Interesting... I have not seen that before. Stinkin expensive though! I will never understand the prices of dairy equipment!!! There is a milking system out of Oregon that looked interesting...I'll try to find the link


Sent from my iPhone using Goat Forum


----------



## milk and honey (Oct 31, 2010)

I'm not sure if this is the one, but take a look at Simplepulse.net


Sent from my iPhone using Goat Forum


----------



## top_goat (Sep 16, 2014)

Here's a video link showing how to make your own "Dansha-type" machine.






I'm trying this -- it's so much cheaper!!! The basic materials are:

*Brake bleeder pump (available at auto parts stores, Harbor Freight...The one I got at HF looks exactly like the one on the Dansha videos.)
*Plastic tubing (I got mine at Home Depot)
*Nozzels to fit the tubing (in my market I had a hard time finding these. I finally got brass ones at Home Depot)
*Food grade silicone caulk (Think aquarium silicone -- there may be other types, but this was what I could easily get in my market.)
*Canning jar with tight fitting lid and ring

(Edit: forgot the syringes for teat cups, available @ TSC or elsewhere)

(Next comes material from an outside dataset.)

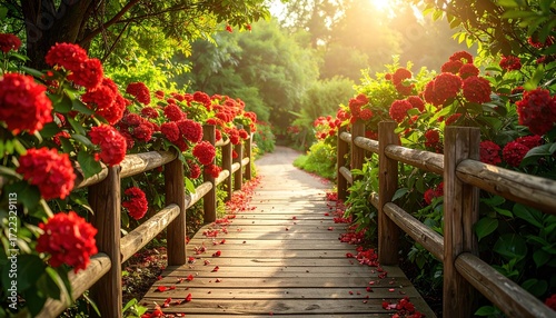 A sun-drenched walkway lined with a rustic wooden fence, adorned with vibrant red flowers, creates a serene and beautiful garden scene.

My total cost (excluding gas for trips to the store) was about $40. My biggest problem was getting a really good seal on the nozzels going thru the lid --several applications of caulk seemed to handle that one) and the pump I got for $20 at Harbor Freight doesn't build up adequate pressure -- I think the internal seals are leaking. I think I just got a lemon -- the reviews for this product said this pump is either really good or worthless -- QC at HF apparently isn't the best. I guess I got a worthless one - LOL. I plan to exchange it on my next trip to HF (They're really good about that.)


----------



## Goats4Milk (Jan 2, 2015)

I just bought a dansha milking machine. I tested it on the top of my hand until it shut off. Not even a bruise and was only slightly uncomfortable. Chocolate liked the machine a million times more then me hand milking her.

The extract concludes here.